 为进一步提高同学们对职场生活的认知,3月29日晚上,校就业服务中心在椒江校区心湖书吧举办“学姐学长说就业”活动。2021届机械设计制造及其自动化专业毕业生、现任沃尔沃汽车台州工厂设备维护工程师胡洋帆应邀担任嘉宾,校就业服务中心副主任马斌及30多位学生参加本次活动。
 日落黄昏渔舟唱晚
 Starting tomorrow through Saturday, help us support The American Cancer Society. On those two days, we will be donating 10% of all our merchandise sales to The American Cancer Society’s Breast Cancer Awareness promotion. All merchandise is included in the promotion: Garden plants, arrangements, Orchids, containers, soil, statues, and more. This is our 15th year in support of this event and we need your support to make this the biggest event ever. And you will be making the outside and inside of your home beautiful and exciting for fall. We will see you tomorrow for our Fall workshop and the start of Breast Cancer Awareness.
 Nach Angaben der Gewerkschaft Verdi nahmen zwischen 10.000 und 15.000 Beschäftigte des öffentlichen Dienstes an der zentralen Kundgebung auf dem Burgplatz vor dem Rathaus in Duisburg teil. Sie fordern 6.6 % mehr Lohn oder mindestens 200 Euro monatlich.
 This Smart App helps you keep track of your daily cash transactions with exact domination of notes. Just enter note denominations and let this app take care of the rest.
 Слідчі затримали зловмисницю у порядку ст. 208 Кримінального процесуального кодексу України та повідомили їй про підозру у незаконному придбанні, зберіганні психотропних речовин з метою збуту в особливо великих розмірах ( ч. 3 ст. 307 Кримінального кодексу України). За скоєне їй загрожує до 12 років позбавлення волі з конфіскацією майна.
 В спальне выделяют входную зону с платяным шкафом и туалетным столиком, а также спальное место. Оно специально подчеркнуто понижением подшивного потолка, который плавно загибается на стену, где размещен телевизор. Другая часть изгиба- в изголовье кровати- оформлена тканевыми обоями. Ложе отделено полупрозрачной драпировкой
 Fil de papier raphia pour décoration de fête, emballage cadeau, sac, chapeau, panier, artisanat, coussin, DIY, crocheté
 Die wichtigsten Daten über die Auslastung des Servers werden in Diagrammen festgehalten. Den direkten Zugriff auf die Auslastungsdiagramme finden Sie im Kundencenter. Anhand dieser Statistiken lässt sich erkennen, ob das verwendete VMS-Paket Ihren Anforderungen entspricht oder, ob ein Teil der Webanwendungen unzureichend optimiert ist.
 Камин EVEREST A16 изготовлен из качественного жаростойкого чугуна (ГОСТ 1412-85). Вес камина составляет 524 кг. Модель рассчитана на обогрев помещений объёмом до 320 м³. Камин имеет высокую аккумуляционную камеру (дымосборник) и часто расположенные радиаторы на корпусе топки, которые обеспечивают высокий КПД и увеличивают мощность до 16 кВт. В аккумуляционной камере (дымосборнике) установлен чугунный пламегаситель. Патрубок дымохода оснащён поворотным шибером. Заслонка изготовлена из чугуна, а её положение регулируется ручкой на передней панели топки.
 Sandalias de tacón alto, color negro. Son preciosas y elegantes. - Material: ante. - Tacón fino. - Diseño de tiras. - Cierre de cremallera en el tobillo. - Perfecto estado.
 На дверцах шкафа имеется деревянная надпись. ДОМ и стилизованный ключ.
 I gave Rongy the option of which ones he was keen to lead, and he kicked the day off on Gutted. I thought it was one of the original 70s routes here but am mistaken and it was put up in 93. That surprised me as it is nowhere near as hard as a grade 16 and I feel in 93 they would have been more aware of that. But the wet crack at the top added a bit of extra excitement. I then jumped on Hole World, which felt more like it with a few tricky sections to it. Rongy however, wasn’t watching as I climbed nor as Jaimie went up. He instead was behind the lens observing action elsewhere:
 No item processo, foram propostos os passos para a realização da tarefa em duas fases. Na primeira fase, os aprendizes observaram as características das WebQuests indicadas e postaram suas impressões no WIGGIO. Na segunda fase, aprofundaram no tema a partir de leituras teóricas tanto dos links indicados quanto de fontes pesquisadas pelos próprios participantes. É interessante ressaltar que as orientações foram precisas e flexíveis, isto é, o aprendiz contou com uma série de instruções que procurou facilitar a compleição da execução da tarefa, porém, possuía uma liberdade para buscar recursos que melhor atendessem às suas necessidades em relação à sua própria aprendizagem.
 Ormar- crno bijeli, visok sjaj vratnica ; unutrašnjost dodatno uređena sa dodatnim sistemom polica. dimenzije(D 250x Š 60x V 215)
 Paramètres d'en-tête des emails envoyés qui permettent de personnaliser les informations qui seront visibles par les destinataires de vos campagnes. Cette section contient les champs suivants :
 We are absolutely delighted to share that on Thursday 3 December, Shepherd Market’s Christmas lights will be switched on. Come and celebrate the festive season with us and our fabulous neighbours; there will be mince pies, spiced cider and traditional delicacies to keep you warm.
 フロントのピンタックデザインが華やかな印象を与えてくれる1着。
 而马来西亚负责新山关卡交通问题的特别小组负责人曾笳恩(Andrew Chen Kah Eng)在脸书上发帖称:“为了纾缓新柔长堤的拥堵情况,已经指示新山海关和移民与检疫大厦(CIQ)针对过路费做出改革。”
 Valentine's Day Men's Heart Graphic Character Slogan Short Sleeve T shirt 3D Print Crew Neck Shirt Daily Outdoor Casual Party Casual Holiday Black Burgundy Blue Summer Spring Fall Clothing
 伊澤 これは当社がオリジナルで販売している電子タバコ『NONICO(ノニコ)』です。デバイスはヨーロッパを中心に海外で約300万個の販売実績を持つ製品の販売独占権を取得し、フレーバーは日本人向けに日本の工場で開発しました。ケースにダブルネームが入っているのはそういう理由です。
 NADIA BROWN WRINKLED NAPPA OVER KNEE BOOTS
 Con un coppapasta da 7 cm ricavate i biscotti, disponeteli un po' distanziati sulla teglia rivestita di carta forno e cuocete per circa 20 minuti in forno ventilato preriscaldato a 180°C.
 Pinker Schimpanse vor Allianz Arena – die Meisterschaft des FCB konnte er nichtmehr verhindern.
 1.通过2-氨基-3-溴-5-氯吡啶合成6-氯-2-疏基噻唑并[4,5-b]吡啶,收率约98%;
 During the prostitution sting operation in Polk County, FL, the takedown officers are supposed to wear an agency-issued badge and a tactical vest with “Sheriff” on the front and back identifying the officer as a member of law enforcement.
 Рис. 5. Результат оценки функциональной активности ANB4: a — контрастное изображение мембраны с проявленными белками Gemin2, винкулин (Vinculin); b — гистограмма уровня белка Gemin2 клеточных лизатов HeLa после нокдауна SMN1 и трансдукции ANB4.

§ **Aim of the task**
Where the listing above reaches the line that contains "No item processo, foram", start retyping, and finish with the line that contains "Paramètres d'en-tête des"; reproduce those lines exactly and no others.

§ **Reply to the exercise**
 No item processo, foram propostos os passos para a realização da tarefa em duas fases. Na primeira fase, os aprendizes observaram as características das WebQuests indicadas e postaram suas impressões no WIGGIO. Na segunda fase, aprofundaram no tema a partir de leituras teóricas tanto dos links indicados quanto de fontes pesquisadas pelos próprios participantes. É interessante ressaltar que as orientações foram precisas e flexíveis, isto é, o aprendiz contou com uma série de instruções que procurou facilitar a compleição da execução da tarefa, porém, possuía uma liberdade para buscar recursos que melhor atendessem às suas necessidades em relação à sua própria aprendizagem.
 Ormar- crno bijeli, visok sjaj vratnica ; unutrašnjost dodatno uređena sa dodatnim sistemom polica. dimenzije(D 250x Š 60x V 215)
 Paramètres d'en-tête des emails envoyés qui permettent de personnaliser les informations qui seront visibles par les destinataires de vos campagnes. Cette section contient les champs suivants :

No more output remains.